In [None]:
from __future__ import division, print_function
import sys
if '..' not in sys.path:
    sys.path.append('..')

import time

import numpy as np
import pandas as pd
import matplotlib.pyplot as plt
import seaborn as sns; sns.set()

from sklearn.metrics import confusion_matrix

In [None]:
%matplotlib inline

# Load datasets

- the datasets are loaded/built.
- The batchsize is defined
- half of the data name (the source part) is defined

- [1. Loading of datasets](#Load-datasets)
- [2. Transformation of datasets](#Transform-datasets)
- [3. First-test](#First-test)
- [4. Playground](#Play-!)
- [5. On Toys](#On-toys)


## Clouds

In [None]:
from datasets.toys import make_clouds
from datasets.utils import make_dataset

n_samples = 20  # Number of sample per class
n_classes = 5
batchsize = 80
_data_name = 'Clouds'
X, y = make_clouds(n_samples=n_samples, n_classes=n_classes)
source_data = make_dataset(X, y, batchsize=batchsize)

## Circles

In [None]:
from datasets.toys import make_circles
from datasets.utils import make_dataset

n_samples = 500  # Number of sample per class
n_classes = 5
n_dim = 2
batchsize = 60
_data_name = 'Circles'
X, y = make_circles(n_samples=n_samples, n_classes=n_classes, n_dim=n_dim)
source_data = make_dataset(X, y, batchsize=batchsize)

## X

In [None]:
from datasets.toys import make_X
from datasets.utils import make_dataset

n_samples = 500  # Number of sample per class
n_classes = 5
batchsize = 60
_data_name = 'X'
X, y = make_X(n_samples=n_samples, n_classes=n_classes)
source_data = make_dataset(X, y, batchsize=batchsize)

## Moons

In [None]:
from datasets.toys import make_moons
from datasets.utils import make_dataset

n_samples = 50
batchsize = 50
_data_name = 'Moons'
X, y = make_moons(n_samples=n_samples)
source_data = make_dataset(X, y, batchsize=batchsize)

## MNIST

In [None]:
from datasets.mnist import load_mnist
from datasets.utils import make_dataset

batchsize = 500
_data_name = 'MNIST'
X, y = load_mnist()
# X = X[:, 14:21, 14:21]
source_data = make_dataset(X, y, batchsize=batchsize)

# Transform datasets

- the transformed datasets are built.
- last part of the data name (the target part) is defined

- [1. Loading of datasets](#Load-datasets)
- [2. Transformation of datasets](#Transform-datasets)
- [3. First-test](#First-test)
- [4. Playground](#Play-!)
- [5. On Toys](#On-toys)


### Data rotated

In [None]:
from datasets.utils import make_domain_dataset, make_corrector_dataset
import datasets.transform as transform

data_name = _data_name+'_Rotated'
angle = 50

X_t, y_t = transform.rotate(X, y, angle=angle)
target_data = make_dataset(X_t, y_t, batchsize=batchsize)
domain_data = make_domain_dataset([source_data, target_data])
corrector_data = make_corrector_dataset(source_data, target_data)

### Data . Random Matrix

In [None]:
from datasets.utils import make_domain_dataset, make_corrector_dataset
import datasets.transform as transform

data_name = _data_name+'_RMat'

X_t, y_t = transform.random_mat(X, y, normalize=False, random_state=42)
target_data = make_dataset(X_t, y_t, batchsize=batchsize)
domain_data = make_domain_dataset([source_data, target_data])
corrector_data = make_corrector_dataset(source_data, target_data)

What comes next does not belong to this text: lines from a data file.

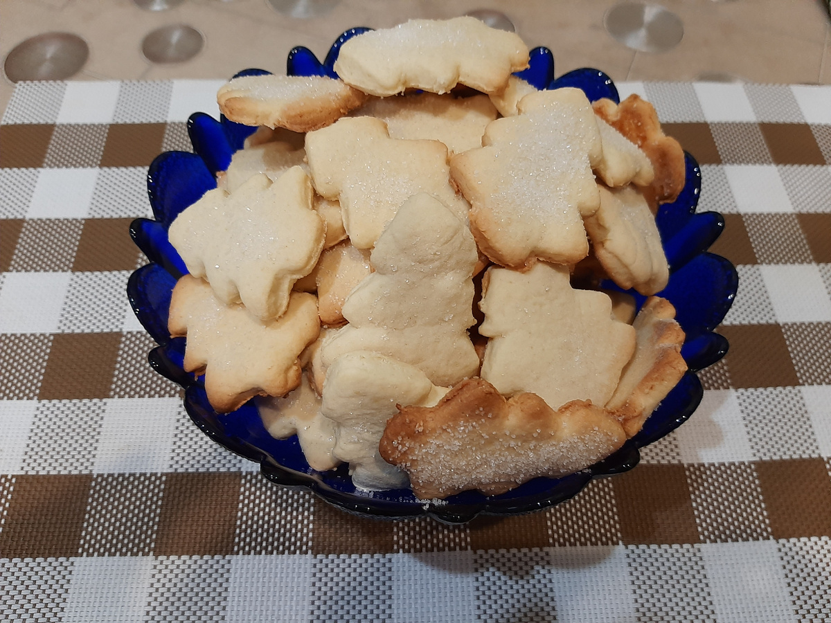200гр сл масла(можно маргарин), Щепотка соли,100гр сахарной пудры или сахара, 1,5гр ванилина, 1 яйцо, 300-400гр муки.Масло комнатной температуры взбейте с сахарной пудрой,добавьте соль,ванилин и яйцо.Все хорошенько взбейте.Затем добавьте муку и замесите тесто.Уберите тесто на 30мин в пищевой плёнке в холодильник . Затем присыпав стол мукой раскатать тесто толщиной 1см.Вырезать формой печенье и просыпать сахаром. Выпекать при температуре 180градусов мин 15.Ориентируйтесь каждый на свою духовку.Печенье получается хрустящее.Если вы хотите чтоб печенье было очень мягким,то добавьте в тесто 100гр сметаны.Приятного аппетита !
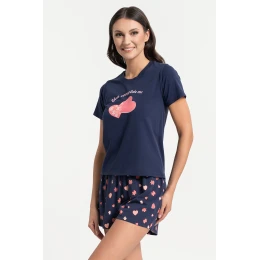 Dwuczęściowa piżama damska Moraj: t-shirt z krótkim rękawem i okrągłym dekoltem oraz szorty na elastycznej talii. Góra z dużym nadrukiem, dół z drobnym wzorem i kontrastową lamówką, boki szortów zaokrąglone. Miękka, oddychająca dzianina bawełniana z dodatkiem elastanu zapewnia wygodę i swobodę ruchów. Model idealny na cieplejsze noce i domowy wypoczynek. Skład: 95% bawełna, 5% elastan.
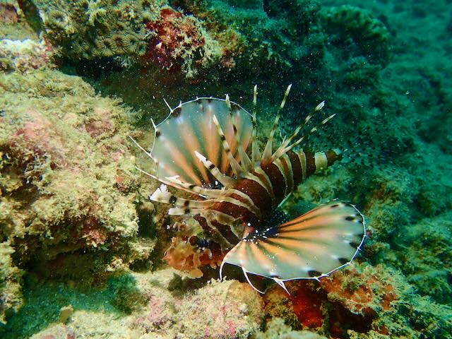 Also fairly shallow, much of this dive was done in the 60-foot range and we saw large boulders and huge coral structures. There were vast patches of what looked like elkhorn coral and staghorn coral. Many enormous mushroom-like coral structures were quite impressive.
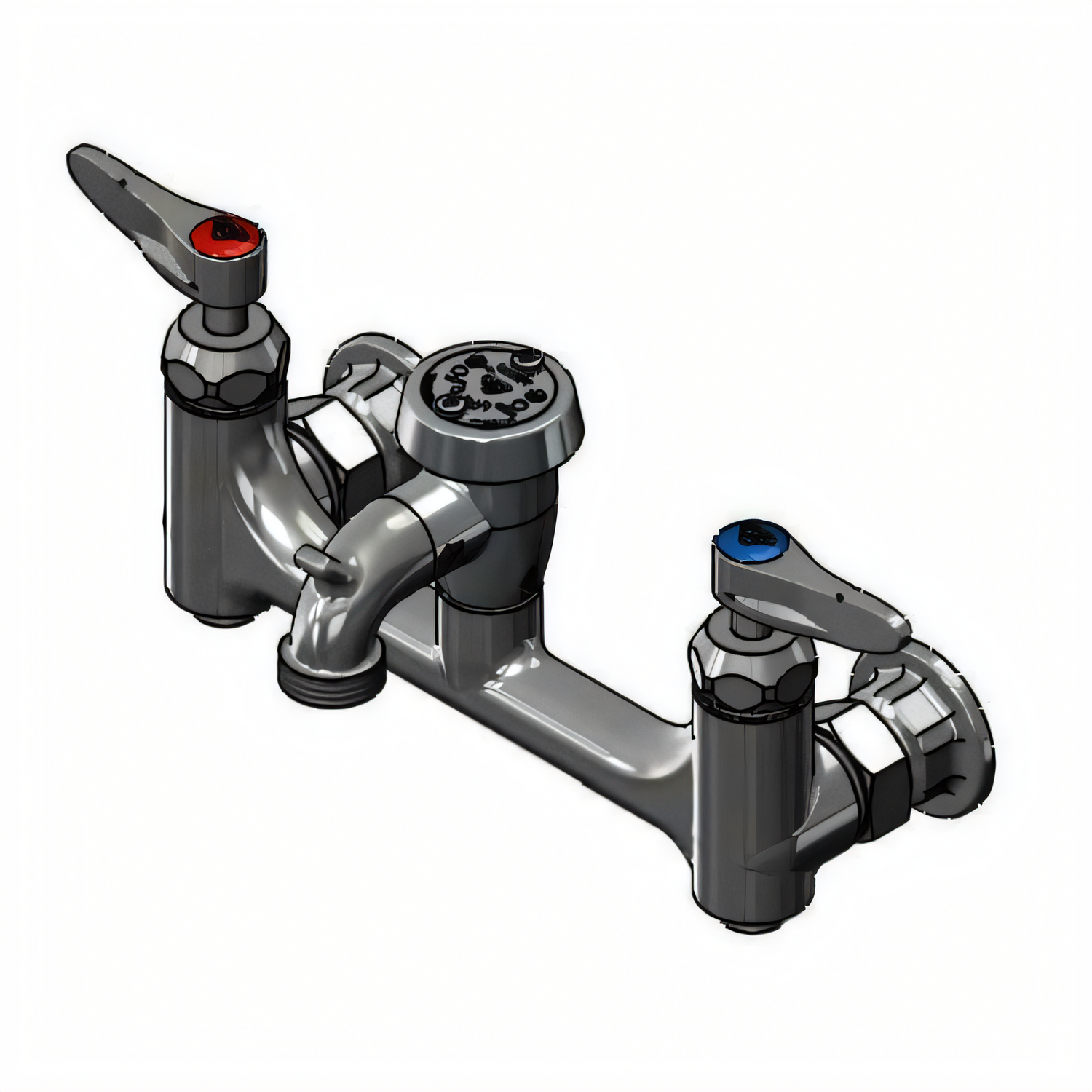 Service Sink Faucet, wall mount, 8" centers, vacuum breaker spout with pail hook & garden hose outlet, lever handles with color coded indexes, quarter-turn Cerama cartridges with check valves, built in stops, polished chrome plated brass, 1/2" NPT female inlets, low lead, NSF, cCSAus, ADA Compliant
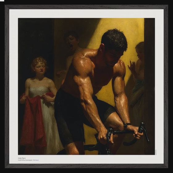 Capture the raw intensity and dramatic lighting of "Holy Spin" for your space. This striking piece, reminiscent of classical artistry with a modern edge, showcases the human form in a moment of powerful exertion, beautifully illuminated by a golden glow. It’s an ideal statement piece for those who appreciate figurative art, athletic spirit, and a touch of dramatic flair in their decor.
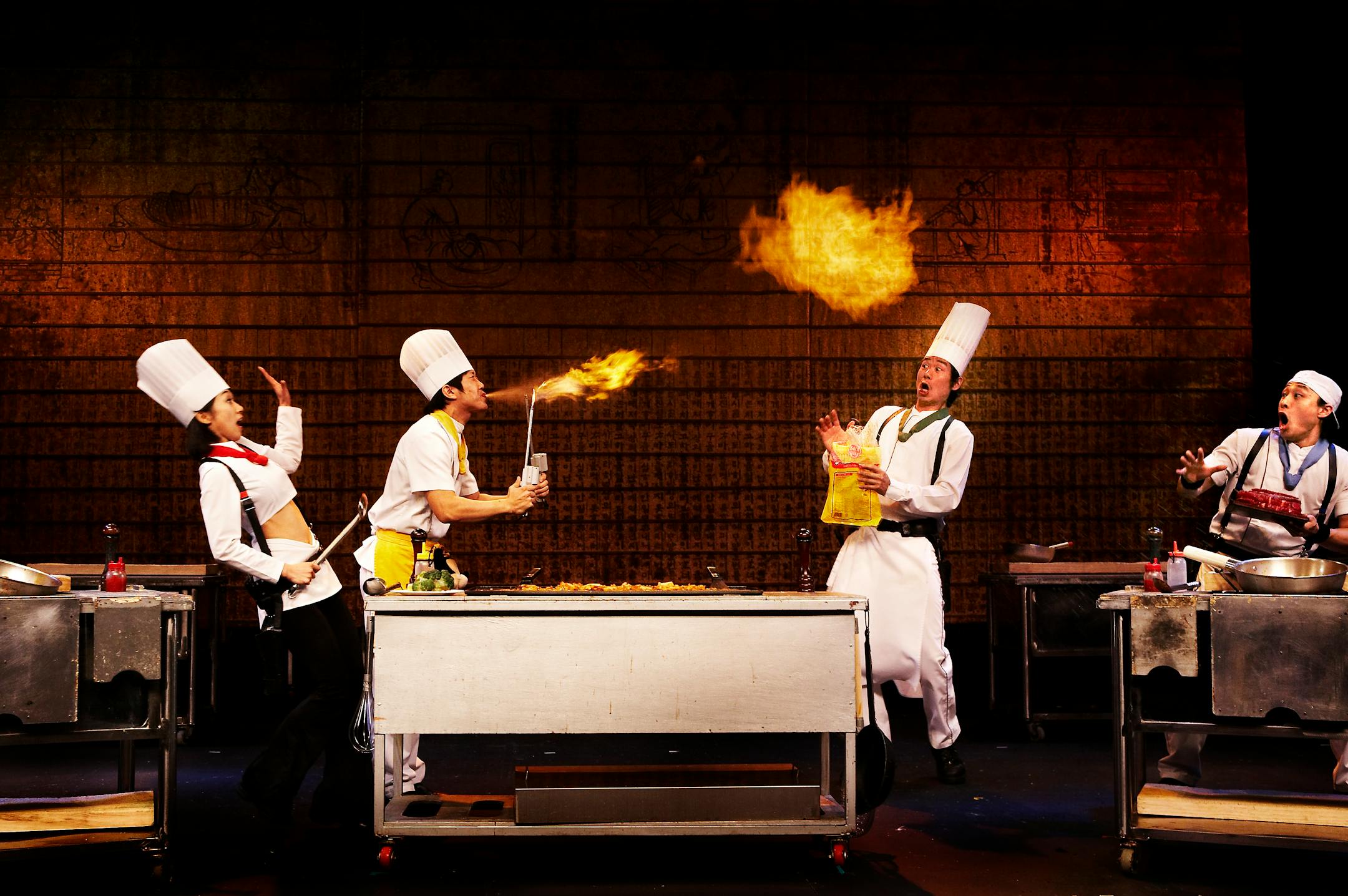 What is it about? Also known as "Nanta" in Korean for the way one strikes a drum, "Cookin'" is a splashy, wacky import from South Korea, where it has been playing since 1997. In the show, four frenzied chefs try to prepare a wedding feast in an hour. They blow fire and mix martial arts as they slice and dice veggies to a score of traditional Korean drumming.

### Data . Diag Dominant matrix

In [None]:
from datasets.utils import make_domain_dataset, make_corrector_dataset
import datasets.transform as transform

data_name = _data_name+'_Diag'

X_t, y_t = transform.diag_dominant(X, y, normalize=True)
target_data = make_dataset(X_t, y_t, batchsize=batchsize)
domain_data = make_domain_dataset([source_data, target_data])
corrector_data = make_corrector_dataset(source_data, target_data)

### Data Mirror

In [None]:
from datasets.utils import make_domain_dataset, make_corrector_dataset
import datasets.transform as transform

data_name = _data_name+'_Mirror'

X_t, y_t = transform.mirror(X, y)
target_data = make_dataset(X_t, y_t, batchsize=batchsize)
domain_data = make_domain_dataset([source_data, target_data])
corrector_data = make_corrector_dataset(source_data, target_data)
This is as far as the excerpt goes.